Patient Portals: The Good, The Bad and The Ugly

Healthcare Marketplace

By Lisa Laravie, Hayes Management Consulting
Twitter: @HayesManagement

I experienced the “pain” of accessing and managing multiple provider portal sites firsthand following an injury and subsequent surgery earlier this year. In the months following my hospitalization, I walked away with paperwork and access codes to five different patient portal sites, including my PCP, surgeon, the initial hospital where I received emergency treatment, the hospital where I had surgery, and in addition (not related to my injury) my OB/Gyn, and recently, my dentist! Despite my healthcare IT background, it was a daunting task to sign up for each site and as you can imagine the lack of linkage leads to a very fragmented view of my patient data.

But, the fragmented view is only the beginning of the problem with multiple portals. There are multiple log-ins and each portal has different requirements for my user ID and password. One site advertises that they are a “Healthkey” member, and if your providers are all members then you can link user IDs and passwords, resulting in one user ID and password for all sites. In my case, only one out of the five portals offered this feature. Another portal offered the use of Facebook, Google, LiveID, and Yahoo as a log-in, with the disclaimer that the only advertised “secure” site was the vendors’ login.

Another difficulty is that each portal looks and feels different. Each portal offers its own navigation, verbiage and menus. A “roadmap” for each would be helpful or maybe it would add to the confusion. Perhaps most alarming is that each portal contained different “pictures” of my healthcare information, including conflicting medication lists. None of the current medication lists were accurate. Some had missing active medications, some listed medications that I no longer take, some contained the wrong dosage, while others listed no medications at all.

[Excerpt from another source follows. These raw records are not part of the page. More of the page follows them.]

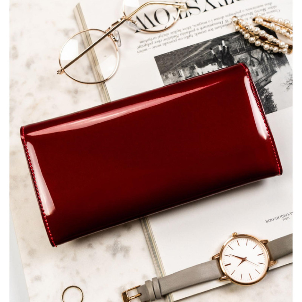 Dámska peňaženka Peterson PTN BC-42122 z hovädzej kože v červenej farbe je perfektnou voľbou pre tie, ktoré rady kombinujú ženský štýl, modernú praktickosť a vysokú kvalitu. Je potiahnutá lesklou červenou lakovanou kožou, ktorá je nielen elegantná a pútavá, ale vytvára aj skutočne exkluzívny efekt. Červená farba je vždy symbolom sebavedomia, energie a ženskosti - odtieň, ktorý dodáva svojej nositeľke charakter a robí každý vzhľad výnimočným. Zlaté doplnky ešte viac umocňujú tento luxusný pocit, vďaka čomu je peňaženka perfektným doplnkom každého elegantného outfitu.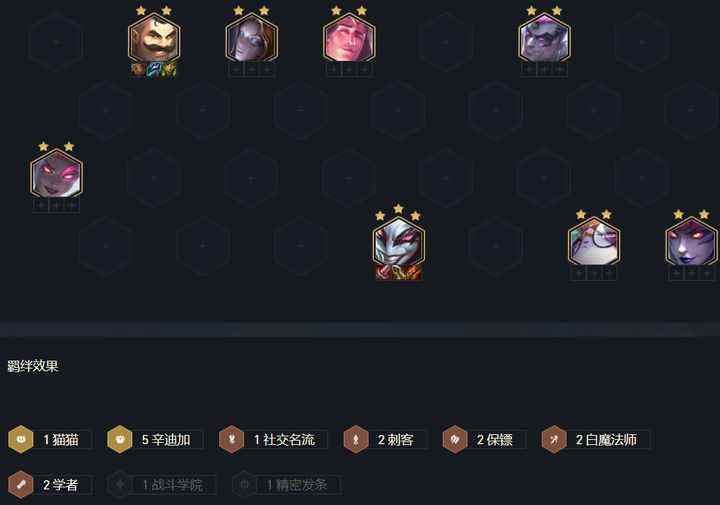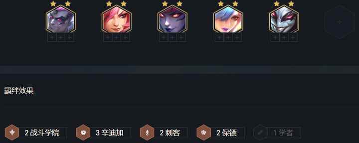 云顶之弈S6辛迪加刺客阵容搭配:过渡:德莱厄斯、卡特琳娜、婕拉、蕾欧娜、萨科,成型:德莱厄斯、婕拉、塔里克、萨科、布隆、奥莉安娜、悠米、阿卡丽,核心装备饮血剑,无尽之刃。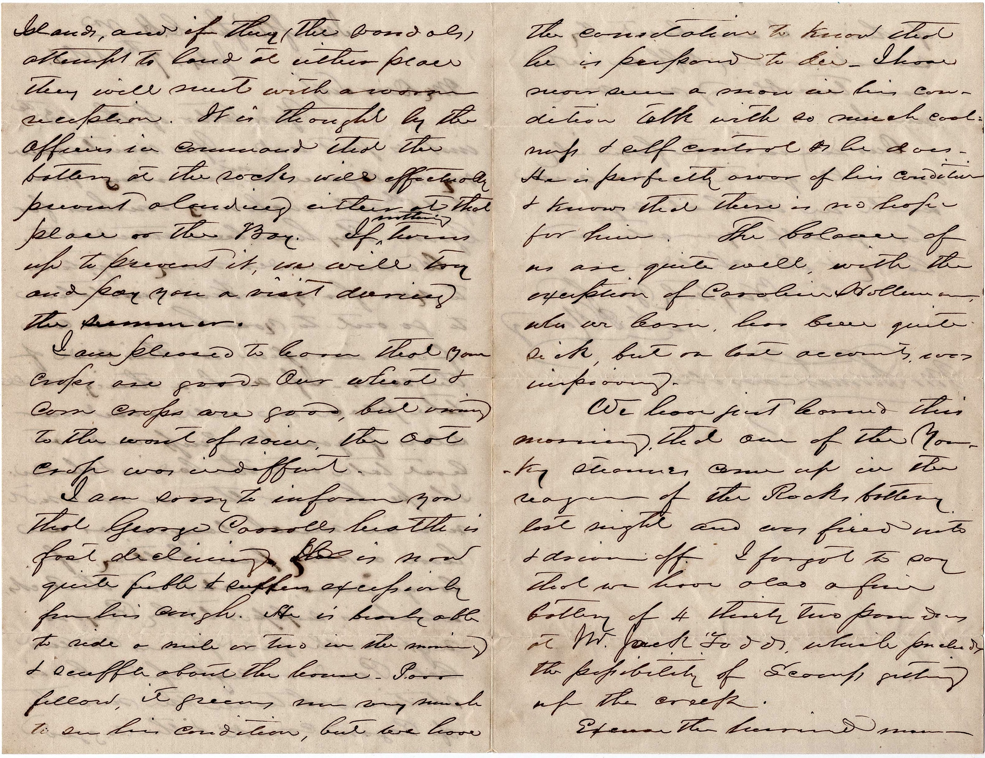 I am sorry to inform you that George Carroll’s health is fast declining. He is now quite feeble & suffers excessively from his cough. He is barely able to ride a mile or two in the morning & shuffle about the house. Poor fellow. It grieves me very much to see his condition but we have the consolation to know that he is prepared to die. I have never seen a man in his condition talk with so much coolness & self control as he does. He is perfectly aware of his condition & knows that there is no hope for him. The balance of us are quite well with the exception of Caroline Holleman who we learn has been quite sick, but on last accounts, was improving.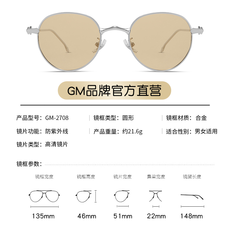 【GM正品】2025新款高级感墨镜女款atomic超轻浅色小框太阳眼镜男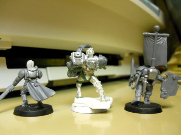 Some crusaders. The Tau-in-poncho was my first green stuff-heavy conversion. Also, I'll probably change out the shield on the middle guy once I get some better storm shields (and I'll take off the rest of the mold lines I see now that I already took these pictures).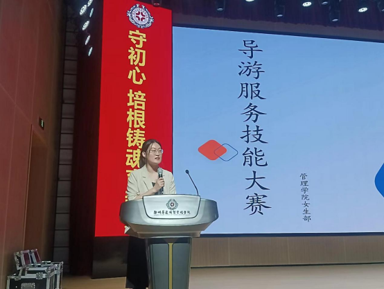 侯谣谣老师对大赛做出总结,她提到参赛选手精神面貌饱满,衣着得体,讲解词不仅结构合理,而且文化内涵丰富,展现了选手们扎实的专业基础技能。提到了一些需要共勉的小问题,即参赛选手的导游词创作能力,表达情感的感染力和自身扎实的文化素养。

Only one portal (my PCP’s portal) was close to containing an accurate medical history, and even that was incomplete. Only three out of five portals contained lab test results, just one had a complete list, and two contained imaging results.

How do we make the patient portal experience better? A few thoughts:

  • Offer additional ways to consolidate and standardize patient user IDs and passwords
  • Create and follow a standard model for menus and navigation
  • Develop a single repository for access to all data or optimize sharing of patient healthcare data between systems
  • Standardize accuracy requirements for entry of healthcare data to provide a consistent, accurate view for all patients

Some organizations are moving toward standardization. One vendor has developed a “shared” patient portal and while the concept is on track, there is still the option to customize the look and feel based on organizational build decisions. The result is a fragmented record that almost looks the same. Both of the hospitals I was treated at use the “same” EHR, but each EHR utilizes their organization’s version. In order for healthcare organizations and providers to meet Meaningful Use (MU) requirements for patient access to their electronic healthcare records, and communication with their patients, they will need to simplify the process overall. Personally, I was ready to pitch all of the information on these portals when I realized how much of my time would be involved, measured in hours, not minutes. And that’s not counting the time I could spend logging into each portal to update (and correct) my personal healthcare information. The typical patient will not have the patience, and quite possibly the ability to handle management of multiple sites and all that goes with them. And while we have come a long way, there’s still much work to do in simplifying patient portals.